To do:
Your answer must be the full listing below, repeated exactly, with no pictures in it.

Source data:
────────────────

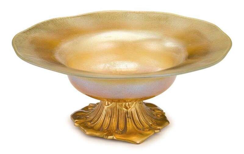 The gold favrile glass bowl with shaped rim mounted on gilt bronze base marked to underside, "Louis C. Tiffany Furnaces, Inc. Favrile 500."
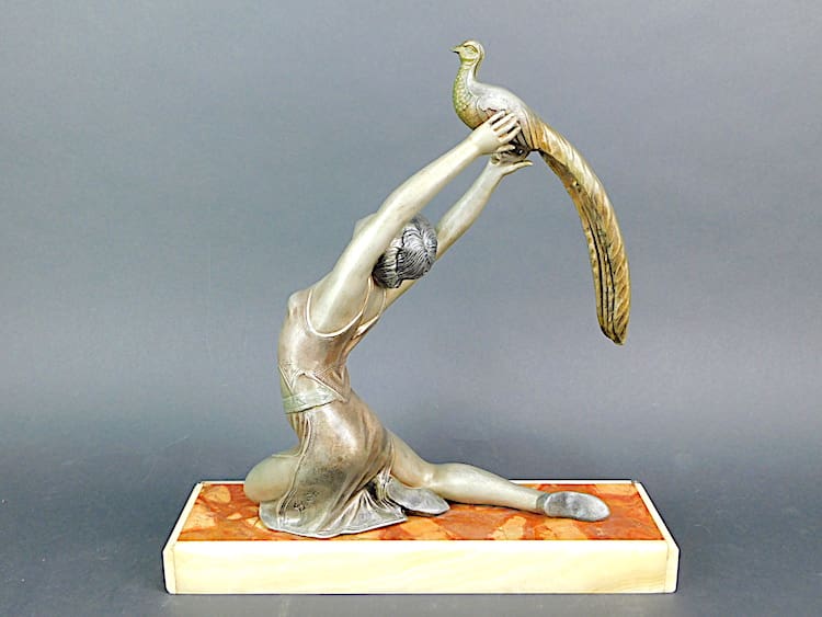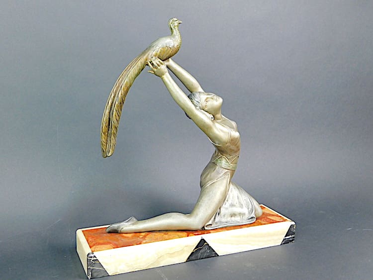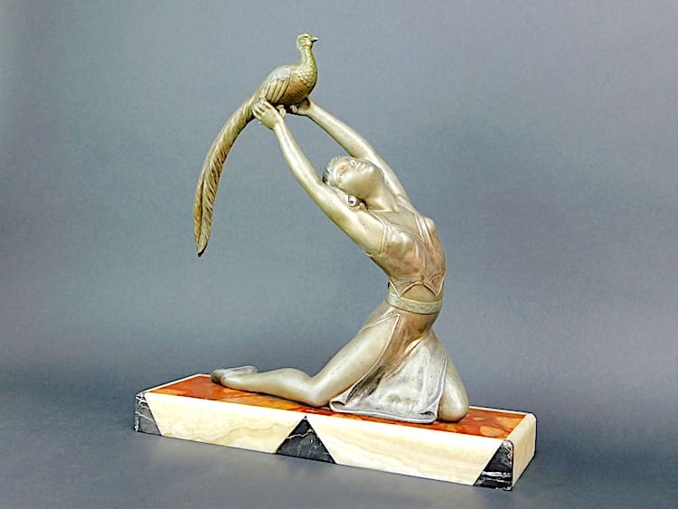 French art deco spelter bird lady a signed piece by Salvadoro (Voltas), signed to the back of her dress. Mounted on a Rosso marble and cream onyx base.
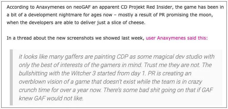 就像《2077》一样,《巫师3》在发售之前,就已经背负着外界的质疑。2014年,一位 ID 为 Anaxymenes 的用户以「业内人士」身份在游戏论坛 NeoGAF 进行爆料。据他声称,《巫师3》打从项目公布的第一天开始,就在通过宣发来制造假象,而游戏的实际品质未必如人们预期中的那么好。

────────────────

Result of this task:
 The gold favrile glass bowl with shaped rim mounted on gilt bronze base marked to underside, "Louis C. Tiffany Furnaces, Inc. Favrile 500."
 French art deco spelter bird lady a signed piece by Salvadoro (Voltas), signed to the back of her dress. Mounted on a Rosso marble and cream onyx base.
 就像《2077》一样,《巫师3》在发售之前,就已经背负着外界的质疑。2014年,一位 ID 为 Anaxymenes 的用户以「业内人士」身份在游戏论坛 NeoGAF 进行爆料。据他声称,《巫师3》打从项目公布的第一天开始,就在通过宣发来制造假象,而游戏的实际品质未必如人们预期中的那么好。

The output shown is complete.